◆ Task prompt:
Could you print exactly the lines from the one that contains "左の家屋の外壁は淡いピンク色であるが、彩度が低い。" to the end of the data, both ends included, and nothing else? Skip the pictures.

◆ Extracted information:
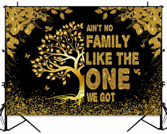 Sensfun Family Reunion Backdrop Black Gold Family Tree Photography Background
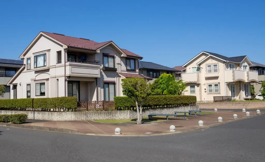 左の家屋の外壁は淡いピンク色であるが、彩度が低い。
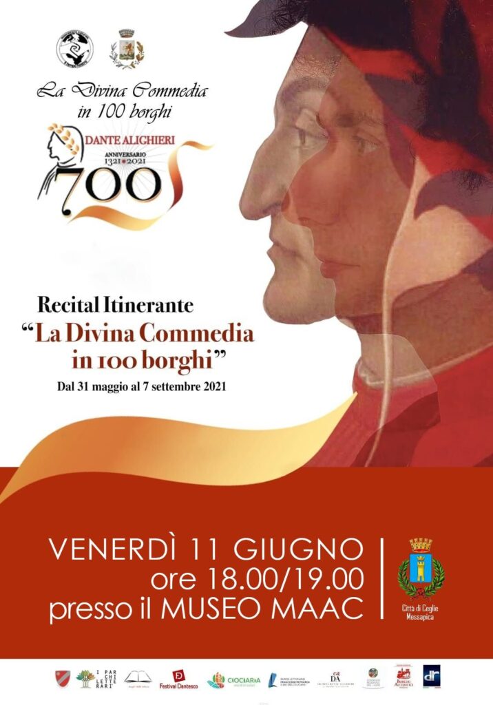 “La Divina Commedia in 100 borghi”, viaggio itinerante in cento località italiane, che ha preso il via il 31 maggio dalla città siciliana di Comiso e terminerà il 7 settembre 2021 a Ripi, nel Lazio, arriva a Ceglie Messapica venerdì 11 giugno 2021, alle ore 18.00 presso il Museo MAAC.
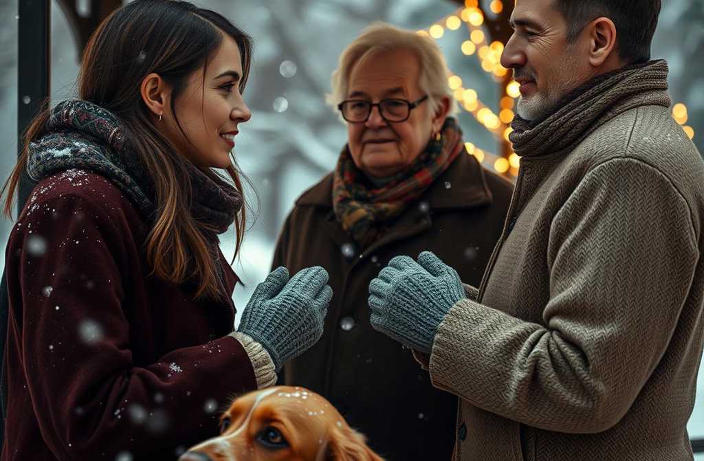 Время шло, снег не утихал. В окнах мелькали ёлки. Многие уже сидели за столом, провожая старый год. Вдруг у ног Татьяны и Виктора появился пёс.
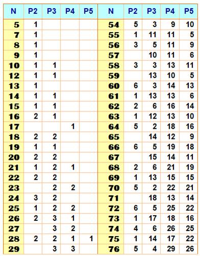 8, 2, 2 12, 2, 2, 2 13, 2, 3 17, 2, 2, 3 18, 3, 3 22, 2, 3, 3 27, 3, 3, 3 29, 2, 5 33, 2, 2, 5 34, 3, 5 38, 2, 3, 5 43, 3, 3, 5 50, 5, 5 53, 2, 7 54, 2, 5, 5 57, 2, 2, 7 58, 3, 7 59, 3, 5, 5 62, 2, 3, 7 67, 3, 3, 7 74, 5, 7 75, 5, 5, 5 78, 2, 5, 7 83, 3, 5, 7 98, 7, 7 99, 5, 5, 7 102, 2, 7, 7 107, 3, 7, 7 123, 5, 7, 7 125, 2, 11 129, 2, 2, 11 130, 3, 11 134, 2, 3, 11 139, 3, 3, 11 146, 5, 11 147, 7, 7, 7 150, 2, 5, 11 155, 3, 5, 11 170, 7, 11 171, 5, 5, 11 173, 2, 13 174, 2, 7, 11 177, 2, 2, 13 178, 3, 13 179, 3, 7, 11 182, 2, 3, 13 187, 3, 3, 13 194, 5, 13 195, 5, 7, 11 198, 2, 5, 13 203, 3, 5, 13 218, 7, 13 219, 5, 5, 13 219, 7, 7, 11 222, 2, 7, 13 227, 3, 7, 13 242, 11, 11 243, 5, 7, 13 246, 2, 11, 11 251, 3, 11, 11 267, 5, 11, 11 267, 7, 7, 13 290, 11, 13 291, 7, 11, 11 293, 2, 17 294, 2, 11, 13 297, 2, 2, 17 298, 3, 17 299, 3, 11, 13 302, 2, 3, 17 307, 3, 3, 17 314, 5, 17 315, 5, 11, 13 318, 2, 5, 17 323, 3, 5, 17 338, 7, 17 338, 13, 13 339, 5, 5, 17 339, 7, 11, 13 342, 2, 7, 17 342, 2, 13, 13 347, 3, 7, 17 347, 3, 13, 13 363, 5, 7, 17 363, 5, 13, 13 363, 11, 11, 11 365, 2, 19 369, 2, 2, 19 370, 3, 19 374, 2, 3, 19 379, 3, 3, 19 386, 5, 19 387, 7, 7, 17 387, 7, 13, 13 390, 2, 5, 19 395, 3, 5, 19 410, 7, 19 410, 11, 17 411, 5, 5, 19 411, 11, 11, 13 414, 2, 7, 19 414, 2, 11, 17 419, 3, 7, 19 419, 3, 11, 17 435, 5, 7, 19 435, 5, 11, 17 458, 13, 17 459, 7, 7, 19 459, 7, 11, 17 |

◆ Written response:
 左の家屋の外壁は淡いピンク色であるが、彩度が低い。
 “La Divina Commedia in 100 borghi”, viaggio itinerante in cento località italiane, che ha preso il via il 31 maggio dalla città siciliana di Comiso e terminerà il 7 settembre 2021 a Ripi, nel Lazio, arriva a Ceglie Messapica venerdì 11 giugno 2021, alle ore 18.00 presso il Museo MAAC.
 Время шло, снег не утихал. В окнах мелькали ёлки. Многие уже сидели за столом, провожая старый год. Вдруг у ног Татьяны и Виктора появился пёс.
 8, 2, 2 12, 2, 2, 2 13, 2, 3 17, 2, 2, 3 18, 3, 3 22, 2, 3, 3 27, 3, 3, 3 29, 2, 5 33, 2, 2, 5 34, 3, 5 38, 2, 3, 5 43, 3, 3, 5 50, 5, 5 53, 2, 7 54, 2, 5, 5 57, 2, 2, 7 58, 3, 7 59, 3, 5, 5 62, 2, 3, 7 67, 3, 3, 7 74, 5, 7 75, 5, 5, 5 78, 2, 5, 7 83, 3, 5, 7 98, 7, 7 99, 5, 5, 7 102, 2, 7, 7 107, 3, 7, 7 123, 5, 7, 7 125, 2, 11 129, 2, 2, 11 130, 3, 11 134, 2, 3, 11 139, 3, 3, 11 146, 5, 11 147, 7, 7, 7 150, 2, 5, 11 155, 3, 5, 11 170, 7, 11 171, 5, 5, 11 173, 2, 13 174, 2, 7, 11 177, 2, 2, 13 178, 3, 13 179, 3, 7, 11 182, 2, 3, 13 187, 3, 3, 13 194, 5, 13 195, 5, 7, 11 198, 2, 5, 13 203, 3, 5, 13 218, 7, 13 219, 5, 5, 13 219, 7, 7, 11 222, 2, 7, 13 227, 3, 7, 13 242, 11, 11 243, 5, 7, 13 246, 2, 11, 11 251, 3, 11, 11 267, 5, 11, 11 267, 7, 7, 13 290, 11, 13 291, 7, 11, 11 293, 2, 17 294, 2, 11, 13 297, 2, 2, 17 298, 3, 17 299, 3, 11, 13 302, 2, 3, 17 307, 3, 3, 17 314, 5, 17 315, 5, 11, 13 318, 2, 5, 17 323, 3, 5, 17 338, 7, 17 338, 13, 13 339, 5, 5, 17 339, 7, 11, 13 342, 2, 7, 17 342, 2, 13, 13 347, 3, 7, 17 347, 3, 13, 13 363, 5, 7, 17 363, 5, 13, 13 363, 11, 11, 11 365, 2, 19 369, 2, 2, 19 370, 3, 19 374, 2, 3, 19 379, 3, 3, 19 386, 5, 19 387, 7, 7, 17 387, 7, 13, 13 390, 2, 5, 19 395, 3, 5, 19 410, 7, 19 410, 11, 17 411, 5, 5, 19 411, 11, 11, 13 414, 2, 7, 19 414, 2, 11, 17 419, 3, 7, 19 419, 3, 11, 17 435, 5, 7, 19 435, 5, 11, 17 458, 13, 17 459, 7, 7, 19 459, 7, 11, 17 |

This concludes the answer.